Source can be a dictionary
'''
# The regular dict.update() operation makes no sense here because the
# replace behavior results in the some of original untouched counts
# being mixed-in with all of the other counts for a mismash that
# doesn't have a straight-forward interpretation in most counting
# contexts. Instead, we implement straight-addition.
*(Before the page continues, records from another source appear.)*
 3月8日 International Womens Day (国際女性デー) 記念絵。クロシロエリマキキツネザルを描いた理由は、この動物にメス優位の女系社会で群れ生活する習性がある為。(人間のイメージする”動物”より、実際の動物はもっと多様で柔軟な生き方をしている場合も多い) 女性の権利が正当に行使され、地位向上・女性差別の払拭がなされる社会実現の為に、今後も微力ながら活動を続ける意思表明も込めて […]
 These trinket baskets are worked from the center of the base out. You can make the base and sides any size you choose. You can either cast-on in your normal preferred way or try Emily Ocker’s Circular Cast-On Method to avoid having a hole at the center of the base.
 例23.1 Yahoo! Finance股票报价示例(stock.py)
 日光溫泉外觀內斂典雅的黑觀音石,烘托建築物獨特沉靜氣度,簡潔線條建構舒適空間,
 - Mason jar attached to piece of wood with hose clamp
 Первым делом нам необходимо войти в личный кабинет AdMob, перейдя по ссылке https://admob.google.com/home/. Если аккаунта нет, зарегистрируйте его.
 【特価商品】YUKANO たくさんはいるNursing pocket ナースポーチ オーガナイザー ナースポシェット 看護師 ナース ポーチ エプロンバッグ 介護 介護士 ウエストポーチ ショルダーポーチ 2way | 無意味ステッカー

Both the inputs
# and outputs are allowed to contain zero and negative counts.
# print("In update. [0] ", args)
if not args:
raise TypeError("descriptor 'update' of 'CounterOfCounters' object "
"needs an argument")
self, *args = args
# print("In update. [1] ", self, args)
if len(args) > 1:
raise TypeError('expected at most 1 arguments, got %d' % len(args))
iterable = args[0] if args else None
if iterable is not None:
if isinstance(iterable, dict):
if self:
self_get = self.get
for elem, count in iterable.items():
if isinstance(count, Counter):
self[elem] = count + self_get(elem, Counter())
else:
raise TypeError("values can only be of type Counter")
else:
for elem, count in iterable.items():
if isinstance(count, Counter):
self[elem] = count
else:
raise TypeError("values can only be of type Counter")
else:
raise TypeError("values can only be of type Counter")
if kwds:
raise TypeError("Can not process **kwds as of now")
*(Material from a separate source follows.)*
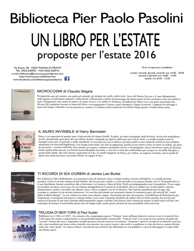 Biblioteca Pier Paolo Pasolini UN LIBRO PER L’ESTATE proposte per l’estate 2016 Via Roma, 38 - 33037 PASIAN DI PRATO TEL. 0432-645957 - FAX 0432-645915 e-mail: [email protected] http://www.pasian.it/bibliote.htm www.facebook.com/bibliotecapasiandiprato Orari di apertura al pubblico: lunedì, martedì, giovedì, venerdì: ore 14.30 - 18.30 martedì e giovedì: ore 10.00 - 12.00 sabato: ore 8.30 - 12.30 MICROCOSMI di Claudio Magris Protagonisti sono gli uomini, ma anche gli animali, gli abitanti dei caffè o delle isole, l'orso del Monte Nevoso e il cane abbandonato nella laguna, rivoluzionari indomiti e dimenticati, infatuazioni e manie di personaggi che hanno perso la loro esistenza come una partita a carte. Protagonisti sono anche le pietre e le onde, la neve e la sabbia, le frontiere, un'inflessione della voce o un gesto inconsapevole... Diversi fili conduttori tessono la trama del libro e accompagnano il lettore, quali immagini o figure ricorrenti: i rapporti fra paesaggi e senso del tempo, l'identità e la sua incertezza, l'amore, il continuo attraversamento di confini d'ogni genere, l'ombra della morte. IL MURO INVISIBILE di Harry Bernstein Harry è un ragazzino di quattro anni, il più piccolo di cinque fratelli. Il padre, un ebreo immigrato dalla Polonia, lavora alle manifatture tessili, sperperando gran parte del suo salario al pub e sfogando sui figli la rabbia per una vita di stenti. La madre manda avanti la famiglia come può, ricorrendo a mille espedienti. La loro povera casa si allinea con altre simili su una strada di ciottoli di una cittadina industriale nel nord dell'Inghilterra. Una strada come tante, ma solo in apparenza, perché al suo centro scorre un muro invisibile: gli ebrei da una parte, i cristiani dall'altra. Due mondi con usanze, credenze, pregiudizi diversi si fronteggiano, quasi non fossero parte di un'unica realtà, quella della miseria. La Prima Guerra Mondiale incombe, e con essa eventi che cambieranno per sempre la vita della famiglia, e quella della strada. Ma solo l'amore contrastato di Lily, la sorella maggiore di Harry, per Arthur, un ragazzo cristiano, sarà in grado di aprire una crepa nel muro, lasciando filtrare un raggio di luce. TI RICORDI DI IDA DURBIN di James Lee Burke Per il detective Dave Robicheaux, la Louisiana è terra di fantasmi: dove il tempo sembra scorrere all'indietro, e i ricordi possono uccidere. Come il ricordo inatteso di Ida Durbin. Ida era giovane e bella, e svanì nel nulla in un giorno d'estate. Era il '58 quando Dave e il suo fratellastro Jimmie conobbero Ida a Galveston. Lei cantava i blues di Kitty Wells accompagnandosi con il mandolino. Il suo sogno era incidere un disco, ma la sua vita era rimasta intrappolata tra le pareti di un bordello. Doveva saldare un vecchio debito. Jimmie, innamoratosi a prima vista delle sue chiome rosse, voleva scappare con lei in Messico. Ma il giorno pianificato per la fuga, Ida scomparve, portata via da un'auto misteriosa. Un caso ben più attuale sta scuotendo intanto la comunità cajun: gli omicidi del "serial killer di Baton Rouge". Le sue vittime accertate sono almeno cinque. Nonostante gli anni che passano, l'insofferenza di Robicheaux per l'ingiustizia e l'arroganza del potere è rimasta intatta. Così come il genuino desiderio di andare oltre la ferita razziale che non ha mai smesso di lacerare la sua terra. Protetto dall'inseparabile angelo custode Clete Purcel, Dave tenterà di seguire le labili tracce di Ida e nel contempo di fermare il serial killer prima che sia troppo tardi, anche grazie all'aiuto di una incredibile suora-attivista. TRILOGIA DI NEW YORK di Paul Auster Pubblicati tra il 1985 e il 1987, i tre romanzi che compongono questa "Trilogia" sono raffinate detective stories in cui le strade di New York fanno da cornice e palcoscenico a una profonda inquietudine esistenziale. "Città di vetro" è la storia di uno scrittore di gialli che "accetta" l'errore del caso e fingendosi un'altra persona cerca di risolvere un mistero. "Fantasmi" narra la vicenda di un detective privato che viene assoldato per tenere sotto controllo una persona, ma a poco a poco i due ruoli si scambiano e colui che doveva spiare diventa colui che viene spiato. "La stanza chiusa" racconta di uno scrittore che abbandona la vita pubblica e cerca di distruggere le copie della sua ultima opera. NON LASCIARMI di Kazuo Ishiguro Kathy, Tommy e Ruth vivono in un collegio, Hailsham, immerso nella campagna inglese. Non hanno genitori, ma non sono neppure orfani, e crescono insieme ai compagni, accuditi da un gruppo di tutori, che si occupano della loro educazione. Fin dalla più tenera età nasce fra i tre bambini una grande amicizia. La loro vita, voluta e programmata da un'autorità superiore nascosta, sarà accompagnata dalla musica dei sentimenti, dall'intimità più calda al distacco più violento. Una delle responsabili del collegio, che i bambini chiamano semplicemente Madame, si comporta in modo strano con i piccoli. Anche gli altri tutori hanno talvolta reazioni eccessive quando i bambini pongono domande apparentemente semplici. Cosa ne sarà di loro in futuro? Che cosa significano le parole "donatore" e "assistente"? E perché i loro disegni e le loro poesie, raccolti da Madame in un luogo misterioso, sono così importanti? Non lasciarmi è prima di tutto una grande storia d'amore. È anche un romanzo politico e visionario, dove viene messa in scena un'utopia al rovescio che non vorremmo mai vedere realizzata. È uno di quei libri che agiscono sul lettore come lenti d'ingrandimento: facendogli percepire in modo intenso la fragilità e la finitezza di qualunque vita. DOVE NESSUNO TI TROVERA’ di Alicia Giménez-Bartlett Anni Cinquanta del secolo scorso. Lucien Nourissier, psichiatra di Parigi studioso di menti criminali, prende contatto con un giornalista spiantato di Barcellona, Carlos Infante, autore di un servizio sulla Pastora. Donna e uomo, partigiana e bandito, datasi alla macchia per connat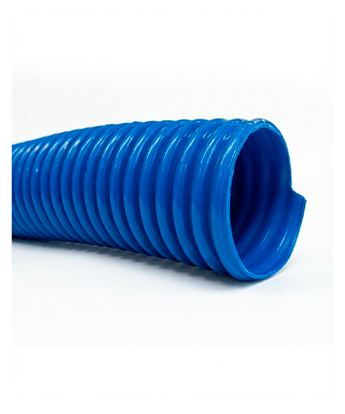 Manguera de PVC azul con espiral rígida para succión y descarga de agua en agricultura, limpieza de galerías y camiones cisterna.

I then derive from AccumulatorParam
my custom AccumulatorParam class.
class KeyAccumulatorParam(AccumulatorParam):
def zero(self, value):
c = CounterOfCounters(
dict.fromkeys(
value.keys(),
Counter()
)
)
return c
def addInPlace(self, ac1, ac2):
ac1.update(ac2)
return ac1
Then I define the accumulator variable and the function to add it.
keyAccum = sc.accumulator(
CounterOfCounters(
dict.fromkeys(
['class1', 'class2', 'class3', 'class4'],
Counter()
)
),
KeyAccumulatorParam()
)
def accumulate_keycounts(rec):
global keyAccum
c = Counter(list(rec['nested_object'].keys()))
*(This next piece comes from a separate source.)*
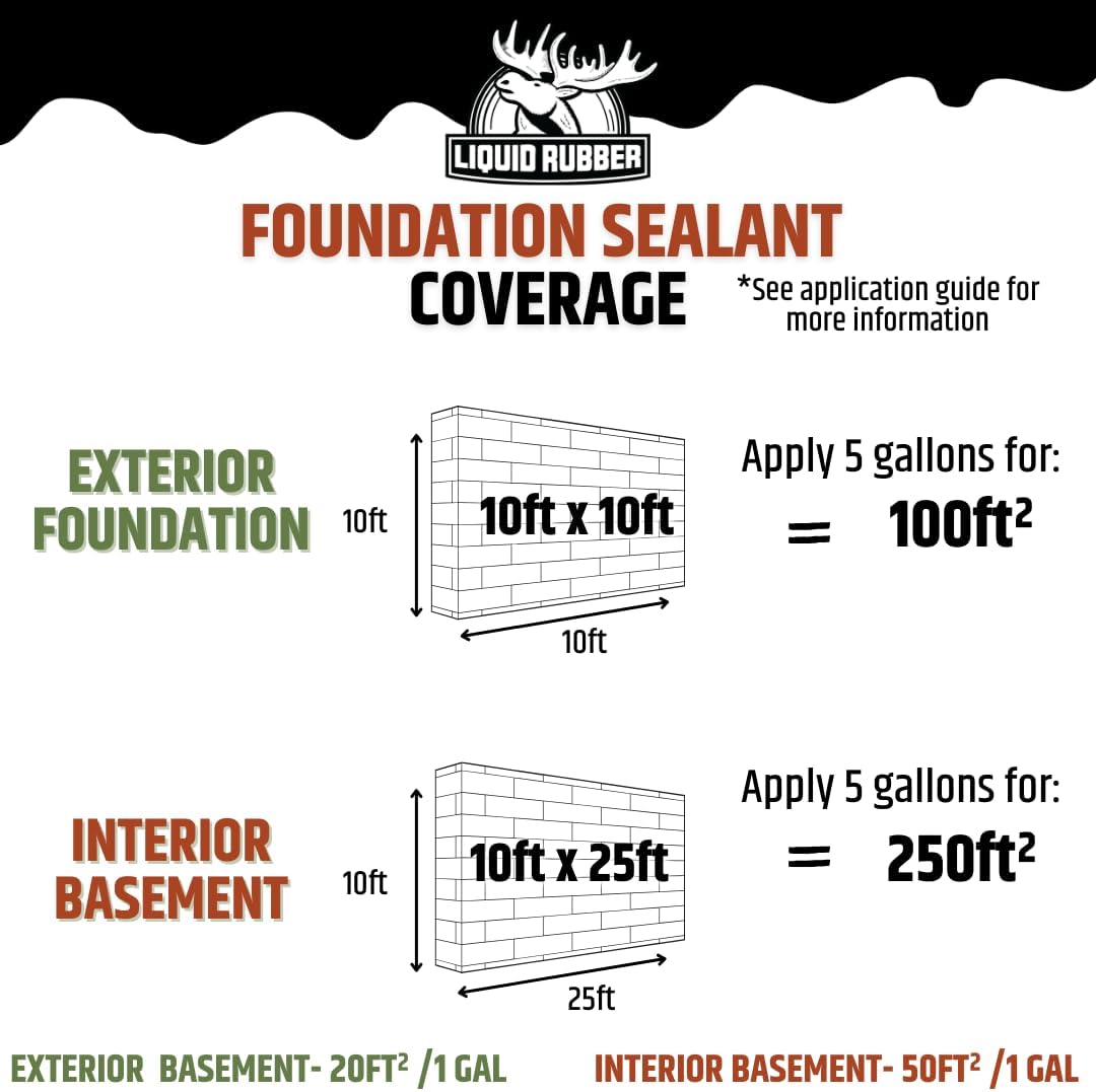 Easily complete your basement waterproofing, foundation leak repair, shower liners, and planter boxes projects with our professional-grade flexible sealant and liquid rubber technology. This advanced formula creates a permanent foundation waterproofing membrane engineered for protection. Perfect for concrete crack filler, concrete sealer, and basement foundation repair, our basement waterproofing system delivers professional results for DIY and contractor use. The waterproof paint and foundation sealer system combined with our seam tape and adhesive and sealant caulk offer superior protection. When ordinary rubber sealant, concrete paint, rubberized paint, or rubber waterproofing won't suffice, our advanced coating excels on concrete, masonry, foundations, and basement surfaces. This waterproofing membrane system integrates with your foundation leak repair strategy. Compatible with other waterproofing systems, while providing superior adhesion and flexibility. Use for house foundation repair projects or targeted basement repairs.. Application: Prepare surface by ensuring it's clean, dry, and structurally sound. Apply 2-3 coats for interior basement (50 sq ft/gallon) or 3-4 coats for exterior applications (20 sq ft/gallon). Maintain 50°F-90°F. Allow 4-6 hours between coats. For optimal results in foundation crack repair, basement waterproofing, shower liners, and planter boxes, use seam tape at joints. Our water-based, zero-VOC foundation sealer formula requires no mixing and stores well when sealed and above freezing. Tips: Apply heavy, consistent coats using brush, roller, or sprayer. Remove painter's tape while wet. When used as part of a concrete sealant system, ensure proper preparation and drainage. For DIY, work in manageable sections. Contractors can achieve optimal coverage using airless sprayer for large-scale projects.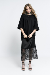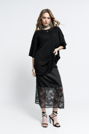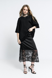 Нарядная юбка из атласа и кружева с боковой молнией MilMil 1151 Вена_черный

keyAccum.add(CounterOfCounters({
rec['class']: c
}))
After which I call accumulate_keycounts
foreach record in rdd.
test_rdd.foreach(accumulate_keycounts)
On doing this, I get the end of file exception:
Caused by: java.io.EOFException
at java.io.DataInputStream.readInt(DataInputStream.java:392)
at org.apache.spark.api.python.PythonRunner$$anon$1$$anonfun$read$1.apply$mcVI$sp(PythonRDD.scala:200)
at scala.collection.immutable.Range.foreach$mVc$sp(Range.scala:160)
at org.apache.spark.api.python.PythonRunner$$anon$1.read(PythonRDD.scala:199)
... 25 more
Some more additional info. I am using spark 2.2.1 on my MacBook Pro Retina (2013 8GB) for testing my function. The test_rdd
has only ~20 records. It is a sample from larger rdd of ~200000 records.
I am not sure why this error is happening. I have enough memory to finish the task. The accumulator is commutative and associative as per the requirements of accumulator.
What I have debugged till now and figured out is that the error happens after first record is processed i.e. first time addInPlace
is called. The CounterOfCounters.update
function returns normally. But after that the EOFException
occurs.
Any tips to debug or pointers to the problem will be much appreciated.